January 31 2009 post. The most recent Cancer Compass newsletter (http://tinyurl.com/bnxwyy) gives us some good food combination ideas. For instance, if you are preparing a spinach salad, add a mandarin orange to it or, another suggestion (=mine), some lemon juice. The vitamin C contained in citrus fruit not only makes spinach taste better but also helps our bodies absorb the iron present in this vegetable and other leafy greens.
My note: an excellent way to eat spinach, the Italian way, is to steam it (lightly), then toss it in a separate pan with a bit of olive oil and chopped up garlic (or whole garlic, if you prefer). Stir it all up for a few minutes, then take it off the heat and add lemon juice. It’s an easy peasy tasty method that can be applied to any leafy vegetables–chicory and kale, for instance. Another suggestion: to absorb more of the iron contained in red meat, I always eat it with a green salad or steamed broccoli/spinach flavoured with olive oil and…lemon juice.
Spinach is in season now, and I have been buying it freshly picked at the local farmers’ cooperative. A bit of a drag to clean (best to let it soak for a while), but such a delightful food, and sooo good for us. I recently tried a new Indian recipe for lentil and spinach curry, adding more turmeric and ginger than the original recipe recommended, and it was so delicious that even my father-in-law, who eats only Italian food and is suspicious of anything remotely exotic, had three helpings.

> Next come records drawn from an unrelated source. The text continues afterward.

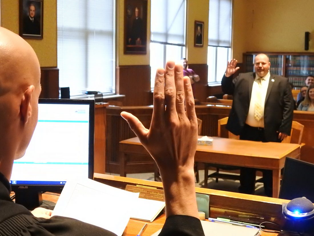 News Photo by Julie Riddle Judge Ed Black, left, faces new Alpena County Sheriff Erik Smith in the Alpena County Courthouse on Friday. Following Smith’s swearing-in ceremony, Ed insisted that photographers join him in the front of the courtroom while he reenacted the ceremony to place the emphasis on Smith. “He’s the important one,” Black said.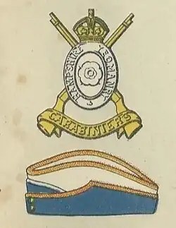 In 1834 the troops in north Hampshire were regimented to form the North Hampshire Regiment of Yeomanry Cavalry. In 1838 the regiment and the troops at Andover and Lymington continued without pay, while all the other troops were disbanded. In 1841 the regiment was converted to Hussars and dropped the 'North' part of its title in 1848, when regimental headquarters (RHQ) was at Winchester. In the 1850s it absorbed the Andover and Lymington troops. In 1887 it received the title of Hampshire Yeomanry (Carabiniers) (carabiniers being a form of mounted riflemen), and adopted crossed carbines as its badge. On 1 April 1893 its troops were organised into squadrons and RHQ moved to Southampton (though it returned to Sussex Street in Winchester by 1899).[3][4][6]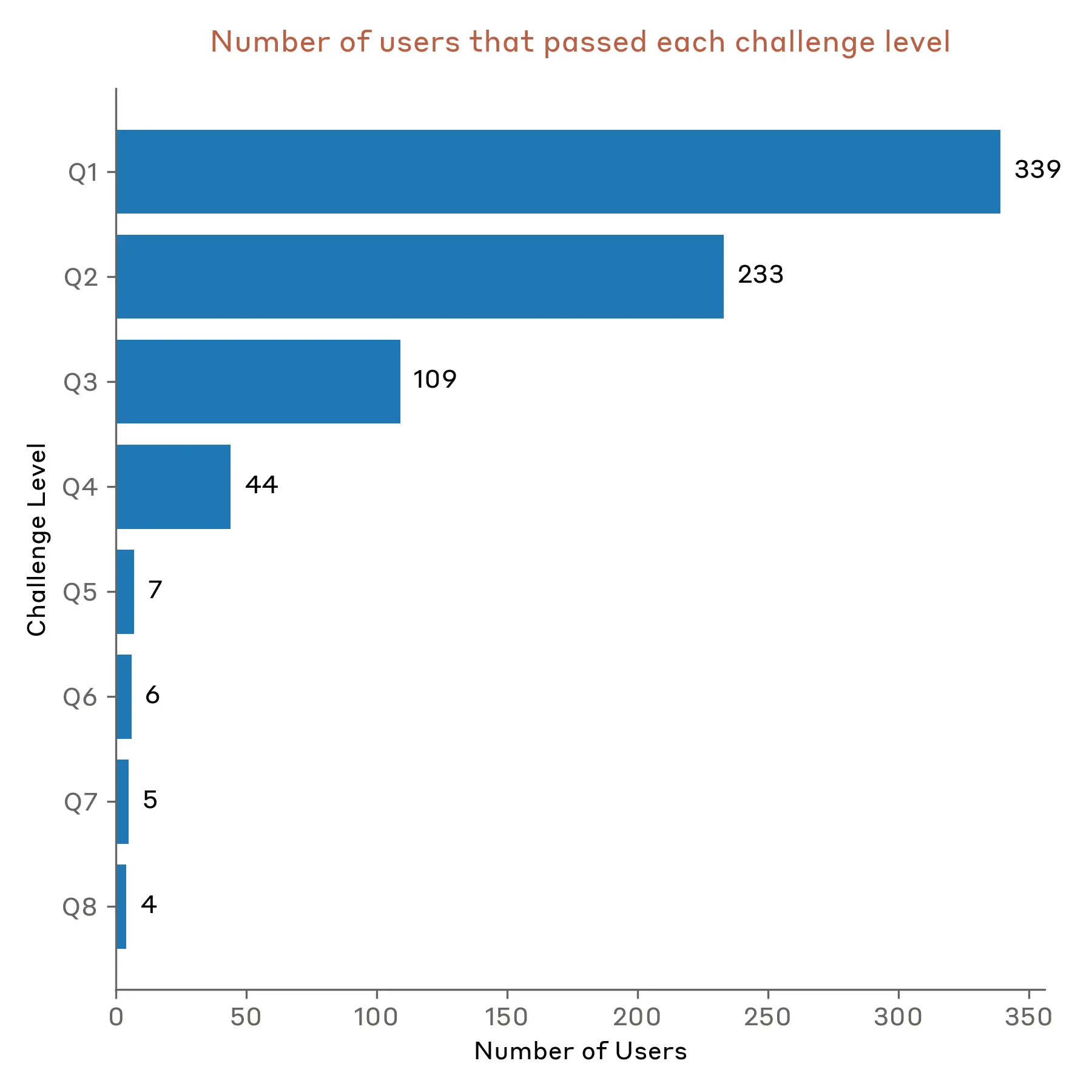 On February 5, we announced a cash prize of $10K to the first person to pass all eight levels, and $20K to the first person to pass all eight levels with a universal jailbreak. Both of these prizes were won, each by a separate jailbreaker. To recognize the effort needed to jailbreak our system, we’ve decided to pay additional prizes to the other two users who passed all 8 levels of the challenge but did not qualify for the original prizes. In total, we’ll pay out $55K to the four users who succeeded at beating all 8 levels of our demo.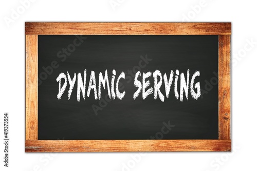 DYNAMIC SERVING text written on wooden frame school blackboard.

Back to Cancer Compass (you can sign up for the free newsletter, btw). Another good food combination: broccoli and tomatoes. Too bad they aren’t really in season together. After reading Barbara Kingsolver’s new book (“Animal, Vegetable, Miracle”), I am sticking to local vegetables in season. At any rate, when we add, e.g., olive oil to tomatoes and other carotenoids, we are helping our bodies absorb their healthful nutrients.
Carotenoids, by the way, can be found in foods as diverse as carrots, apricots, sweet potatoes, spinach, kale, pink grapefruit, salmon, milk and egg yolks. Odd list, huh? Well, just have a look at the World’s Healthiest Foods excellent page on this topic: http://tinyurl.com/cqhzo3. Interesting WHF suggestion: cayenne pepper or hot chili pepper added to carotenoids also enhance nutrient absorption. Hmmm, not at all a bad idea!
The Cancer Compass article ends with more than a hint of disapproval toward fat-free salad dressings. I was very happy to read this part, since I have always thought that fat-free foods taste like cardboard. Years ago, in the U.S., I tried fat-free or 1 or 2% fat milk. Horrible, tasteless, might as well drink water (= better for you, too). Hence, in my opinion, it is better to eat less but have some…fat. Obviously, I refer to the “good” fats. Anyway, according to the article, the reason to use “fat” salad dressings is that olive oil, for instance, makes many healthful nutrients more bioavailable to us…nutrients such as lutein in the green peppers, the capsanthin in the red peppers, the lycopene in the tomatoes, even the limonene in the lemon. There you go. So…go ahead and enjoy a bit of fat!
I love the article’s final suggestion: The best way to spot synergy on your plate — and to ensure a nutritious meal — is to make sure it has a minimum of three colors and contains healthful fat (avocado, olive oil or nuts).